The unforgettable voyager of this dark comic journey is I. B. “Berl” Pickett, M.D., the die of whose uncharmed life was probably cast as soon as his mother got the bright idea to name him after Irving Berlin. The boyhood insults to any chance of normalcy piled on apace thereafter: the traumatizing, spasmodic spectacle of Pentecostalist Sunday worship; the socially inhibitory accompaniment of his parents on their itinerant rug-shampooing business; the undue technical advancement and emotional retardation that ensued from his erotic initiation at the hands of his aunt. What would have become of this soul had he not gone to medical school, thanks to the surrogate parenting of a local physician and solitary bird hunter?
But there is meaning to life beyond professional accreditation, even in the noblest of callings. Berl’s been on a mission to find it these past few years, though with scant equipment or basis for hope. Hard to say (for the moment anyway) whether his mission has been aided or set back by his having fallen under suspicion of negligent homicide in the death of his former lover. All the same, being ostracized by virtually all his colleagues at the clinic gives him something to chew on: the reality of small-town living as total surveillance more than any semblance of fellowship, even among folks you’ve known your whole life.
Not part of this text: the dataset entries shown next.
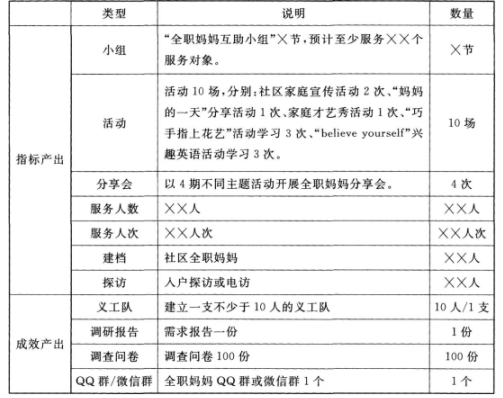 1.问题的陈述与分析 全职妈妈的生活重心围绕着家庭,接送孩子、做饭、打扫卫生成为生活的全部,这些枯燥、重复的工作使得全职妈妈容易情绪压抑、烦躁、易抱怨;容易忽视自我需要;少有自己的时间和娱乐。出现这些问题的原因有以下几点:一是全职妈妈受传统男主外,女主内的家庭观念影响,在工作与家庭无法兼顾的无奈下选择了做全职妈妈;二是家人及丈夫认为全职妈妈不上班就应该做家务照顾孩子,这都是全职妈妈的分内事,不仅较少给予关注和肯定,而且较少主动分担家务;三是全职妈妈对家庭付出的价值难以以金钱体现,没有固定的收入,全职妈妈的经济很难独立,这些使得全职妈妈本身对自己的付出和价值也产生了怀疑,这些都加重了全职妈妈的生活压力与苦恼,更有甚者变得精神抑郁。 针对这一问题,本项目可以从三方面入手: (1)采用优势视角理论,挖掘全职妈妈的自我优势和资源,为其增能。 (2)全职妈妈的心理调适,帮助她们找准定位,调整心态,提升全职妈妈的信心和自我价值感。 (3)采用社会支持理论,为全职妈妈构建社会支持网络,从家人、同辈、社区等角度提升他人对全职妈妈的理解与肯定。 2.项目设计 (1)项目名称:幸福家庭,由你支撑 (2)项目目标 总目标:提升全职妈妈的自我认同感,打破家庭、社会对全职主妇的固化认知。 具体目标: ①倡导家庭成员认识到全职妈妈对家庭的付出和辛劳,体谅全职妈妈的辛苦。 产出:开展社区调研一次;开展社区家庭宣传活动两场;至少 ××人次社区居民参与,80%参与人次认同全职妈妈价值。 ②帮助丈夫了解全职妈妈对家庭的奉献,认识到全职妈妈是幸福家庭的支撑者。 产出:开展分享 “妈妈的一天”活动一次;家庭才艺秀活动一次;至少夫妻及家庭××组参与。 ③为全职妈妈开展各项技能学习,为他们重返职场做准备。 产出:开展 “巧手指上花艺”活动学习3次;开展“believe yourself”兴趣英语活动学习3次,参与活动学习全职妈妈××人次。 ④成立全职妈妈互助小组,开展小组活动让她们彼此鼓励支持。 产出:建立全职妈妈QQ群、微信群;定期开展全职妈妈交流分享会;全职妈妈 ××人次。 (3)服务内容 ①介入理论:优势视角理论和社会支持理论 通过开展各项活动,帮助全职妈妈学习各项技能,帮助她们认识到自身优势,同时建立全职妈妈互助小组,开展社区活动等,为全职妈妈构建家庭、同辈、社区支持。 ②项目明细 (4)项目管理:项目预算、人员分工、风险评估、资源整合。 (5)项目监测与评估 ①实施方评估:实施方评估包括项目执行中的监测工作和项目结束时的评估工作。 监测方面,根据项目的评估指标(活动量、参与者和成效)与评估方法,在每次活动、小组结束后进行评估、反思;项目年中和年终阶段完成项目成效报告。 评估方面,项目后期会以问卷调查、座谈会、同工评估等方式相结合,收集项目对服务对象的成效及影响。 ②第三方评估:在项目结束后,会以资助方所邀请的第三方评估标准为主,对本项目进行全面评估。
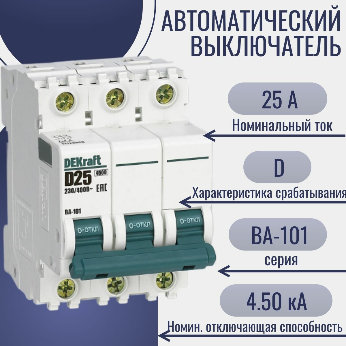 1шт. - Выключатель автоматический трехполюсный 25А D ВА-101 4.5кА / Dekraft; арт. 11128DEK; оригинал / - комплект 1шт 1 169 ₽
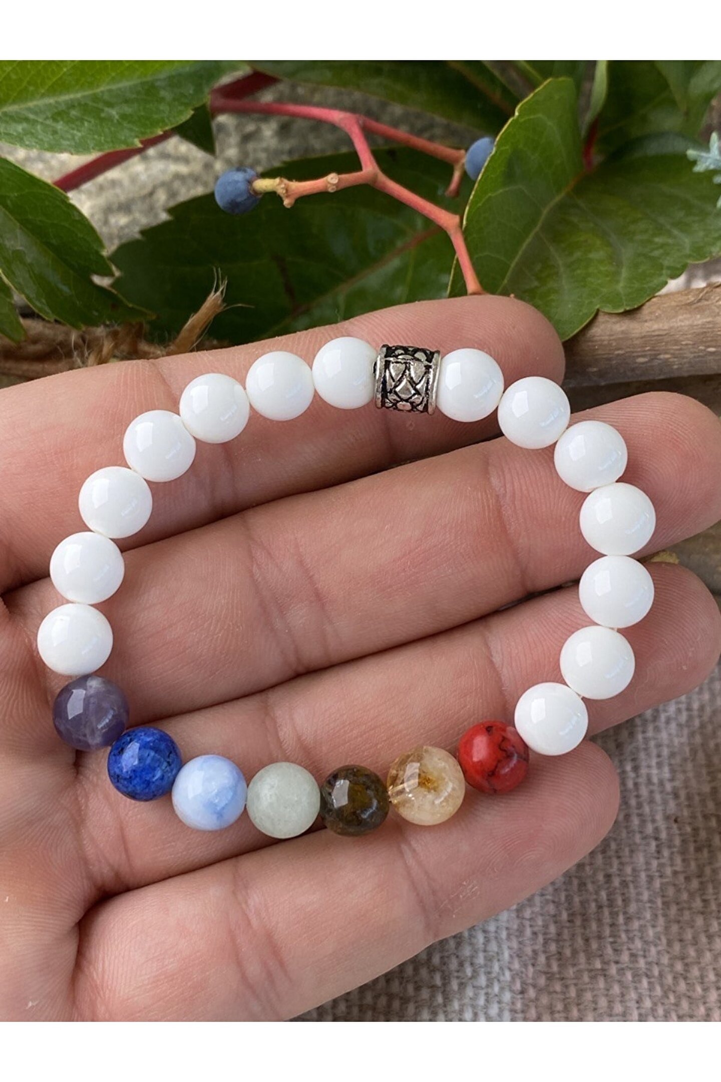 Doğal taş kullanımı sayesinde her bileklik benzersiz ve otantik bir görünüm sunar; Sedef taşı, bileklikte kullanılan ana malzeme olarak seçilmiştir, bu da hem şıklığı hem de zarafeti ön plana çıkarır; Doğal taşların enerji taşıma özellikleri ile çakra dengeleme ve pozitif enerji yayma etkisi sağlar;
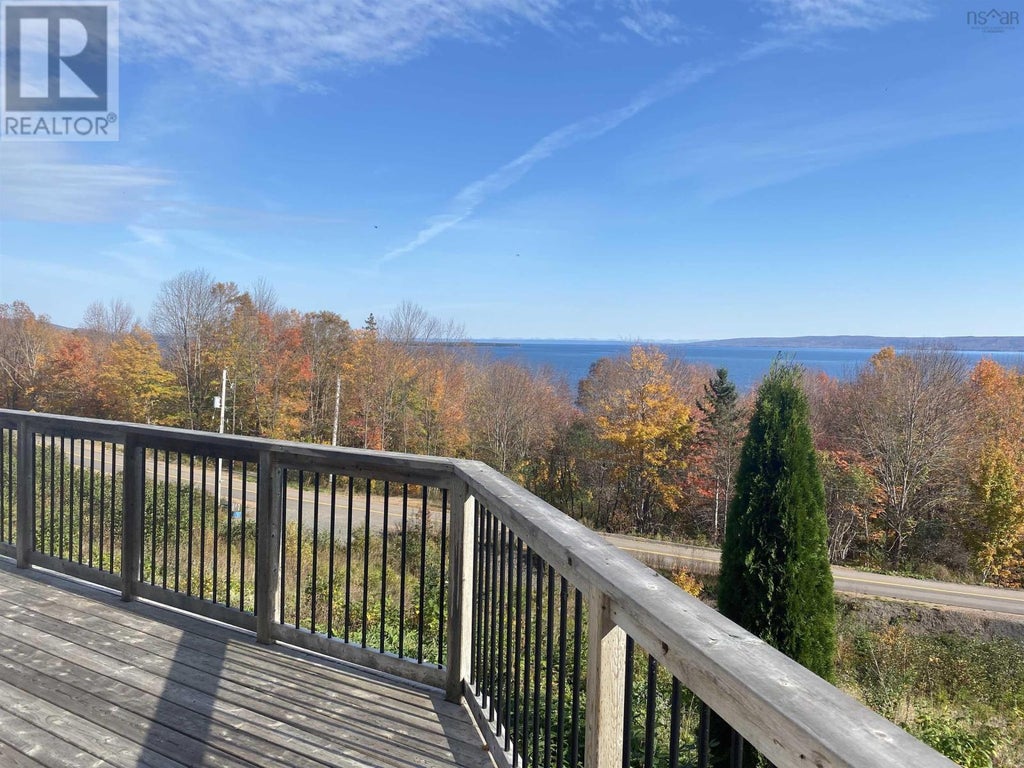 This 2 BDRM, 2 BATH mini home is perched on a hill overlooking the beautiful Bras d'Or Lakes, and sits on 30 Acres of land. This 16x60 Maple Leaf home was built in 2009, and has a large 3/4 wrap around deck built in 2015, along with the 20x17 detached wired garage. 8x8 shed for extra storage. Plenty of parking for several vehicles. The living room has a propane fireplace. Eat in Kitchen comes with fridge, stove, overhead microwave, dishwasher, and amazing water views. There is a bedroom and full bath at one end and the master bedroom and ensuite at the other. Stackable washer and dryer included. Located just five minutes from the Marble Mountain Beach, 15 minutes to the Dundee Resort and Golf Club, and 30 minutes to the town of Port Hawkesbury. (id:6289)
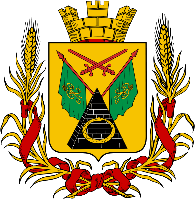 Вінчає композицію напис “Полтава” стилізованим старослов’янським шрифтом, причому буква “Т” зображена у вигляді геральдичного хреста, який отіняє собою герб. Фото із сайту rada-poltava.gov.ua.
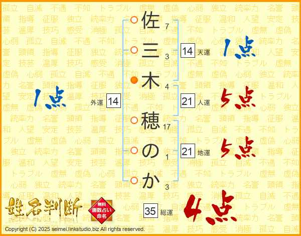 佐三木穂のかさんの総運は35画の4点!
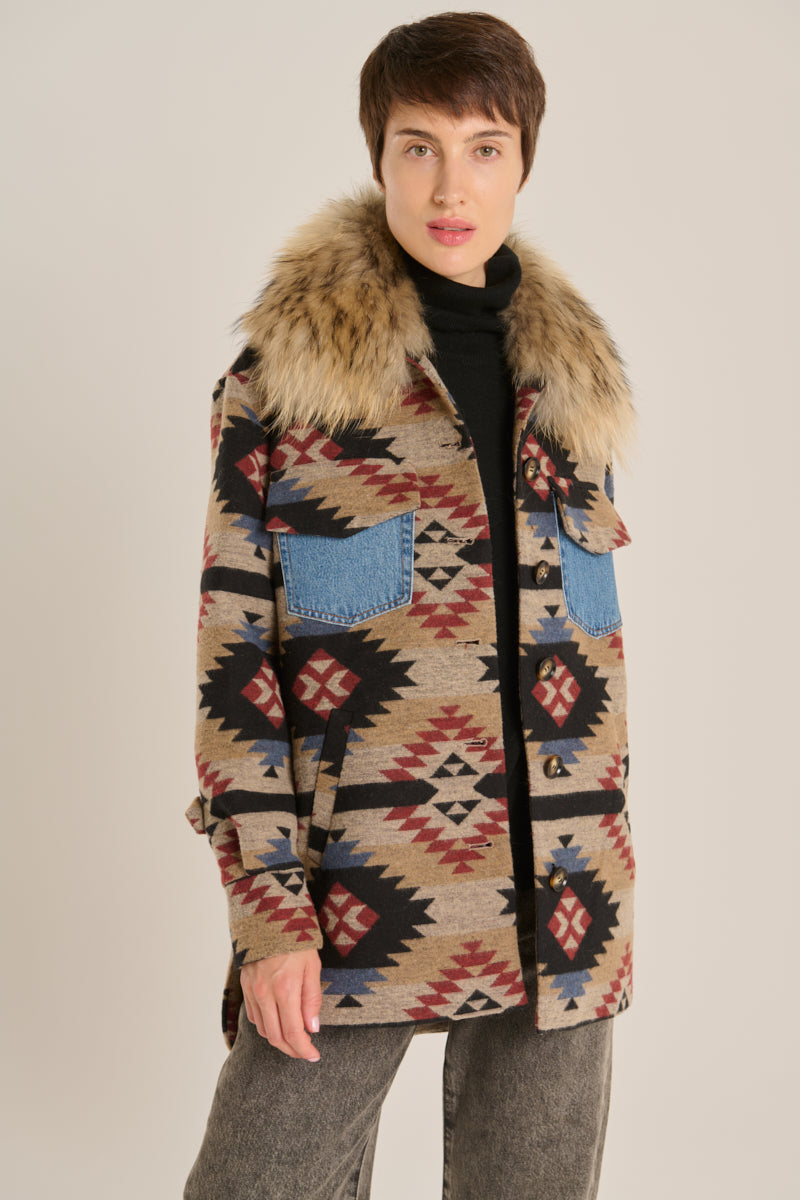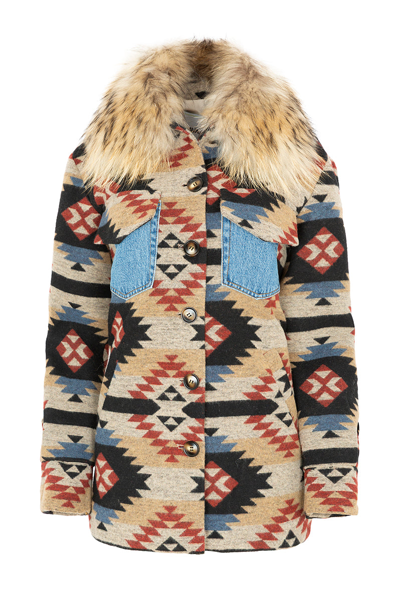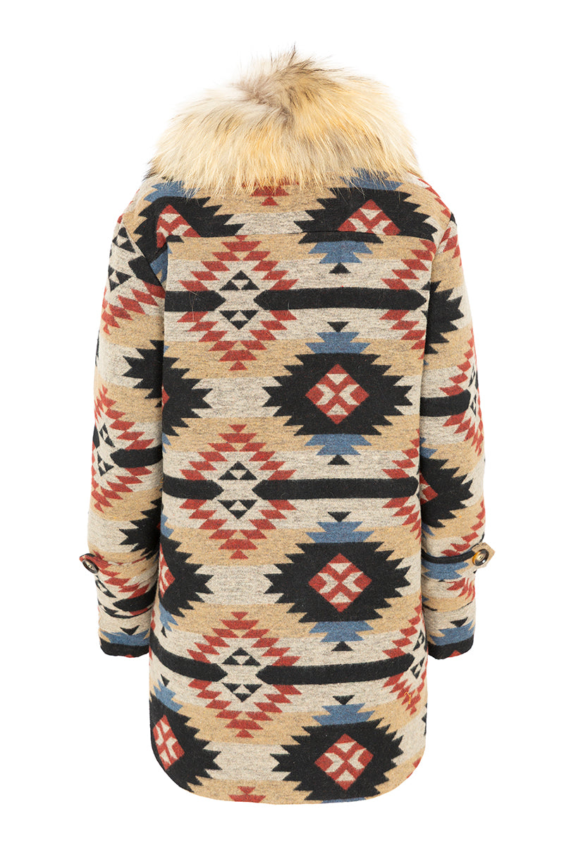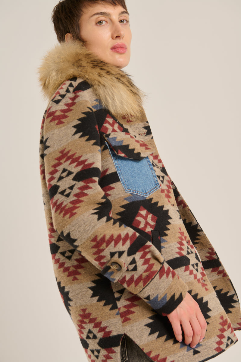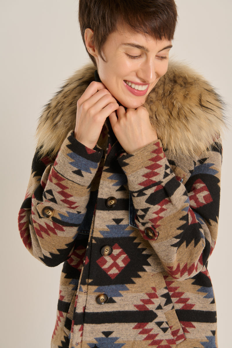 Abrigo de la firma Italiana Ava Adore. Corte militar con cuello de pelo, pequeñas aberturas laterales, bolsillos superiores de plastrón con tapeta en tejido denim, bolsillos inferiores tipo sastre y cierre de botón. Estampado azteca en tonos rojo, negro y azul sobre fondo beige. Composición: exterior, 10% lana, 90% poliéster, forro, 100% poliéster, cuello, 100% pelo de mapache . Hecho en Italia. Tallaje Italiano.
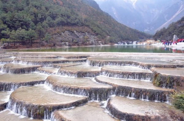 往下走时,因为大风山顶形成了厚厚的雪雾告别 ,下一站就是 ,实际上这是同一个地方,只是因为它会因季节等原因呈现不同的色彩和风貌。在这边可以选择沿途步行,也可以选择乘车电瓶车。 河是第一站,层层叠叠的瀑布是它的特色,这边的水体相比下游来说是偏绿色的,而且来这里一定要好好洗洗手,因为洗一次有官运、洗两次有财运、洗三次有桃花运,所以略显冰凉的湖水还是吸引了大帮游客来此洗手。从白水河向下还有好几个湖泊和小瀑布,就我个人而言,最偏爱的还是玉液湖,因为湖水含铜,所以呈现出一种动人心魄的蓝色。
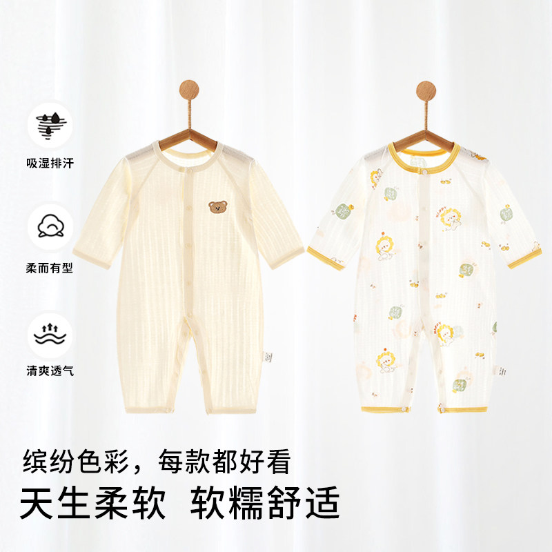 婴儿莫代尔夏季连体衣服宝宝薄款长袖空调服凉感哈衣爬服睡衣家居
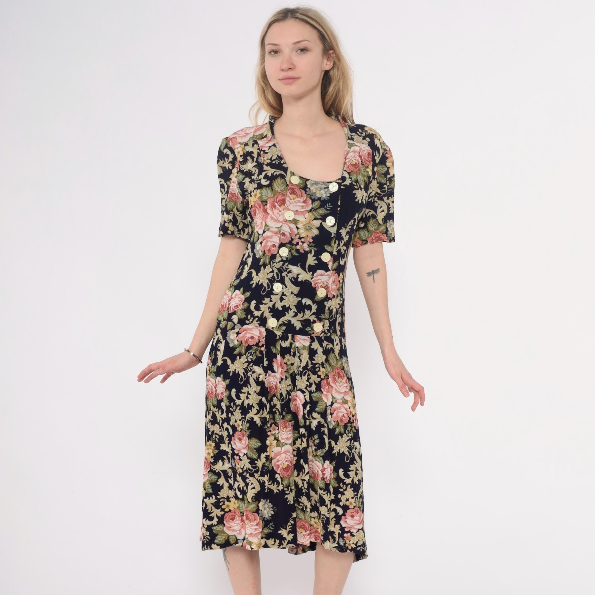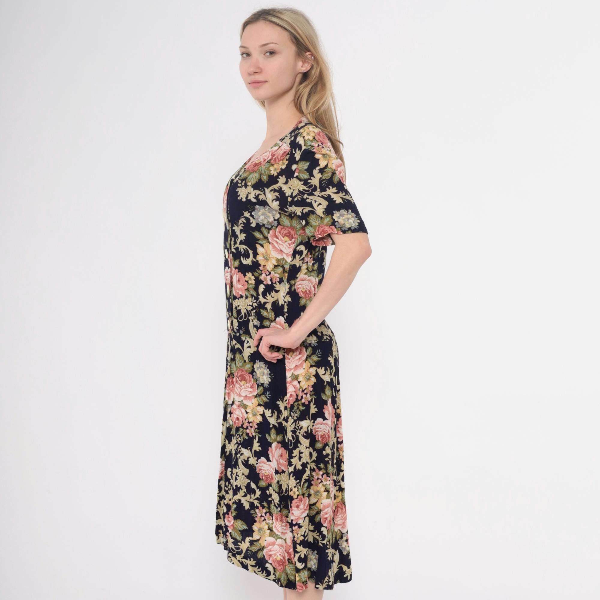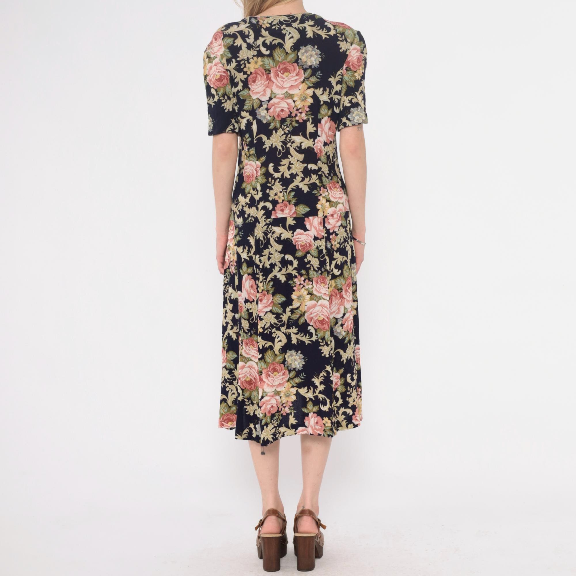 90s black floral midi dress from Leslie Fay with pink roses, yellow blooms, and beige scrollwork across the fabric. Scoop neckline with button front closure, short sleeves, gathered waist with fitted bodice.
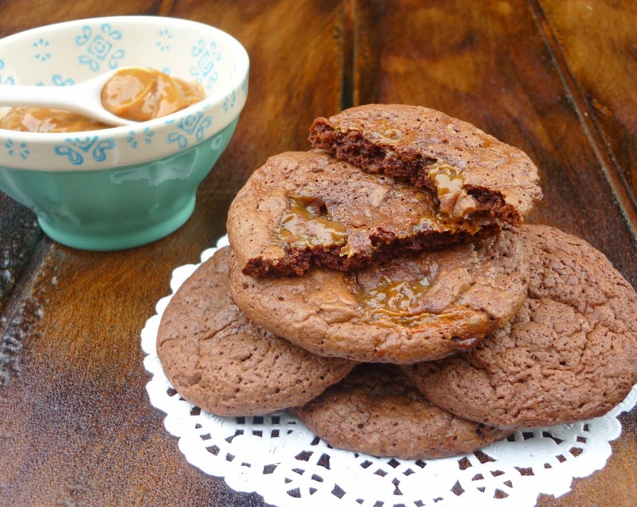 Estás galletas llevan una temporadita guardadas sin salir a la luz y con lo buenas que están para que esperar más. Porque desde luego que son para repetir y repetir. Eso si os gusta el chocolate y el dulce de leche, claro. Como a mi me encantan, pues repito!!!
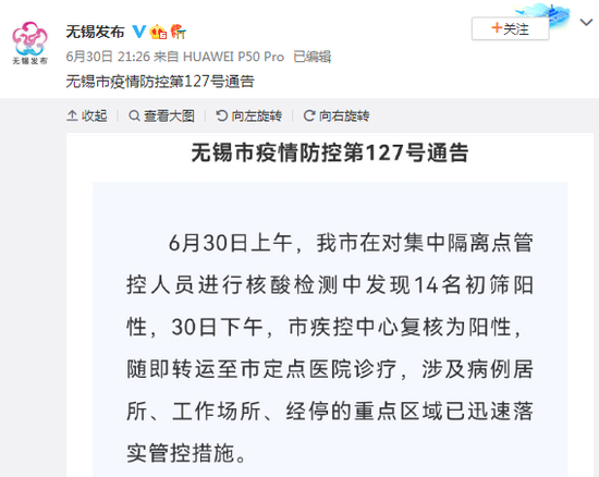 紧接着,7月1日凌晨,无锡再发布第128号通告,通告称,6月30日晚,在对集中隔离点管控人员进行核酸检测中发现10名初筛阳性,7月1日凌晨,市疾控中心复核为阳性,随即转运至市定点医院诊疗,涉及病例居所、工作场所、经停的重点区域已迅速落实管控措施。

Fortunately, for Berl, it doesn’t take a village. And he will find his deliverance in continuing to practice medicine one way or another, as well as in the few human connections he has made, wittingly or not, over the years. The landscape, too, will furnish a hint in what might yet prove, if not a certifiable epiphany, a semi-spiritual awakening in I. B. Pickett, M.D., the inglorious but sole hero of Thomas McGuane’s uproarious and profound exploration of the threads by which we all are hanging.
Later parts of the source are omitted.